When there's a nip in the air — even the slightest cooling — my tastebuds start looking for slightly richer flavors.
I want to smear apple butter on my toast. The jazzy bottle of Sauvignon Blanc usually in the fridge steps back for a more full-bodied Syrah. Butternut squash soup is more appealing.
And I scrounge through stain-spattered recipes to find this gem from a Cooking Light issue about 10 years ago. This is one of those quick, easy dishes that tastes much more time consuming and expensive than it really is. Credit the sweet raspberry preserves combined with the unmistakably rich woody zing of balsamic vinegar. You can proudly serve this to friends at a small dinner party or whip it up just for yourself and leftovers for a couple of days.
Wouldn't care for the raspberry? I've tried this with blueberry, blackberry and even apricot preserves, staying with the "fruit only" varieties. If you use apricot preserves, you might want to use white balsamic vinegar for aesthetics. The flavor is the same, especially in a recipe.

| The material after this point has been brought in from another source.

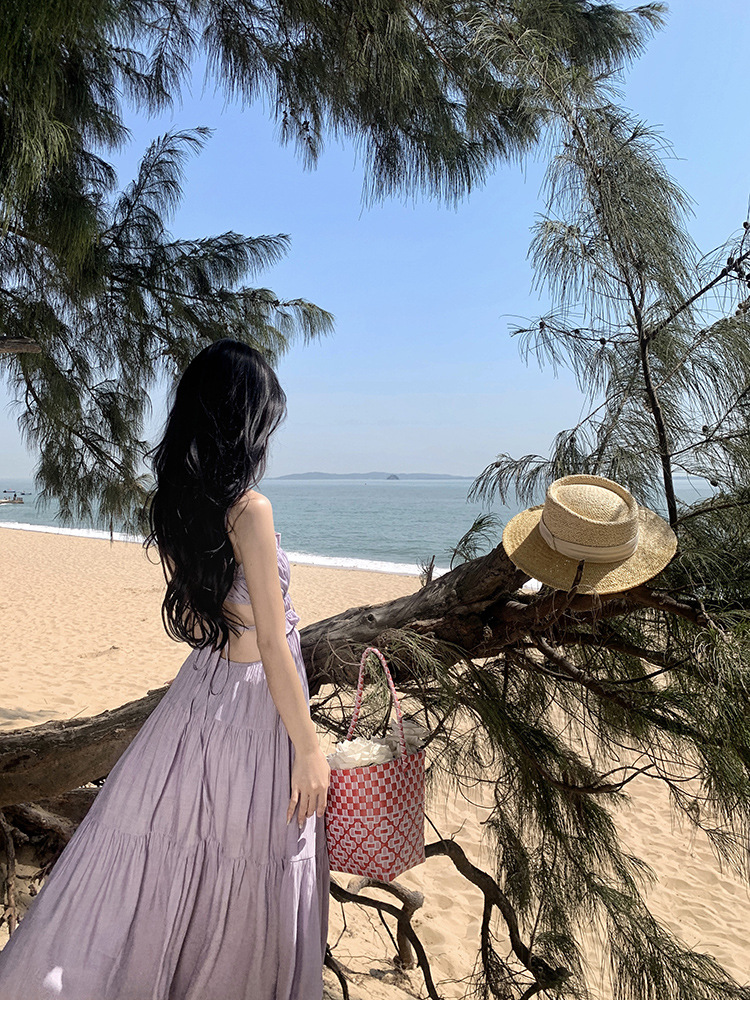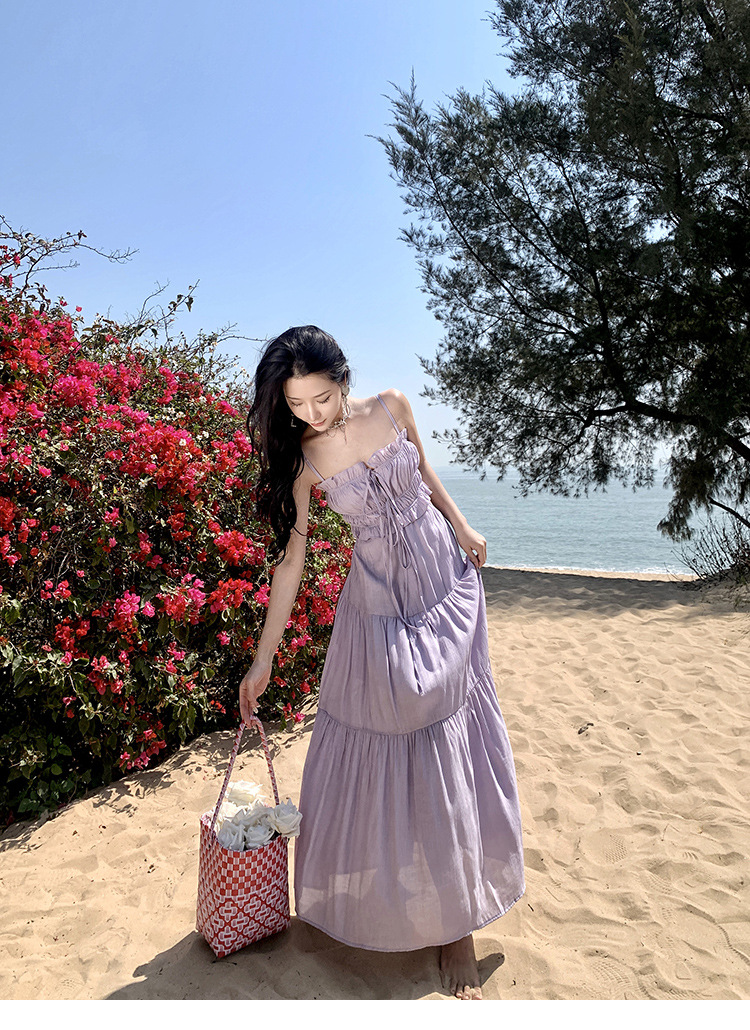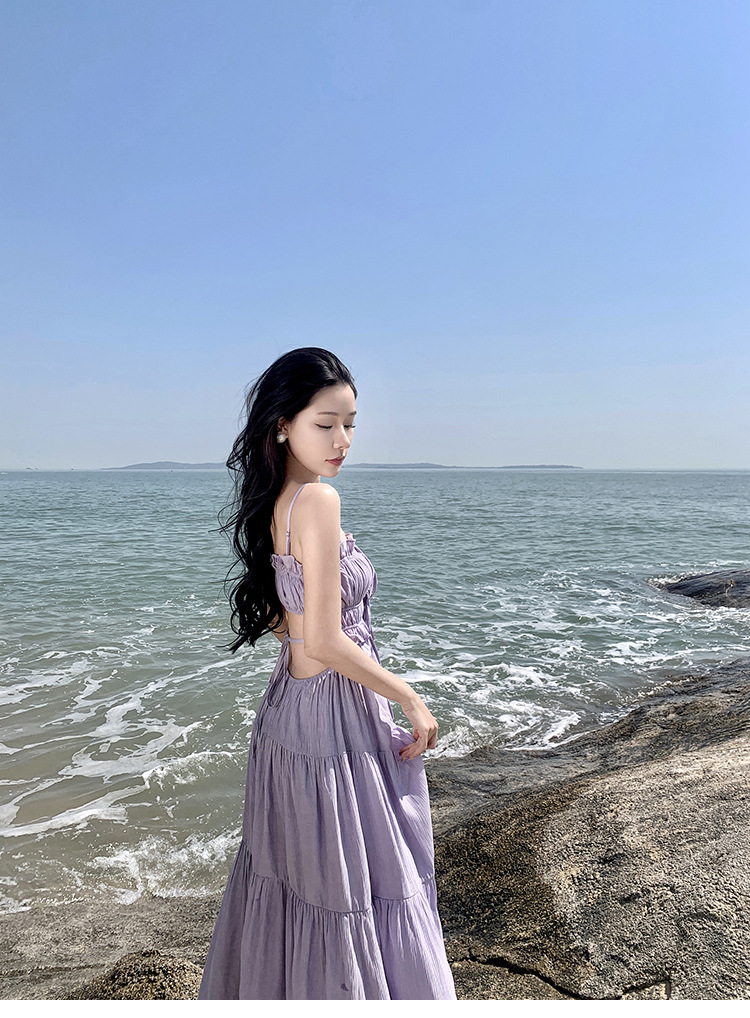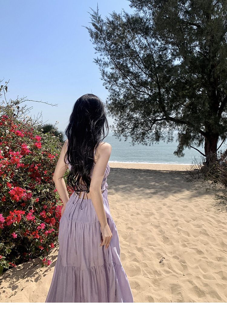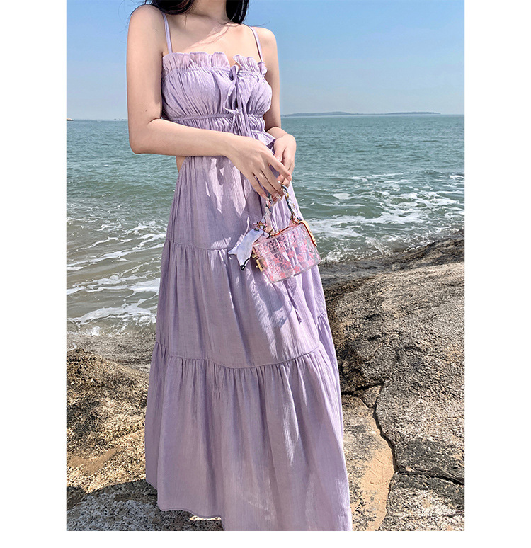 2023 여름 요정 휴가 스타일 긴 원피스 포옹 큰 치마 노출 허리 프랑스어 스트랩 등이없는 원피스

RASPBERRY-BALSAMIC GLAZED CHICKEN
1 teaspoon vegetable oil
1/2 cup chopped red onion
1/2 teaspoon dried thyme (or 1 1/2 teaspoons minced fresh thyme)
1/2 teaspoon salt, divided
4 (4-ounce) skinned, boned chicken breast halves
1/3 cup seedless raspberry preserves
2 tablespoons balsamic vinegar
1/4 teaspoon pepper
Heat oil in a large nonstick skillet coated with cooking spray over medium-high heat until hot. Add onion; saute 5 minutes. Combine thyme and 1/4 teaspoon salt; sprinkle over chicken. Add chicken to skillet; saute 6 minutes on each side or until done. Remove chicken from skillet; keep warm. Reduce heat to medium-low. Add 1/4 teaspoon salt, preserves, vinegar, and pepper, stirring constantly until the preserves melt. Spoon raspberry sauce over chicken.
I like to serve this with hot brown rice.
This makes 4 servings. Each serving (minus the rice) has 210 calories, 2.8g fat and 0.8g fiber.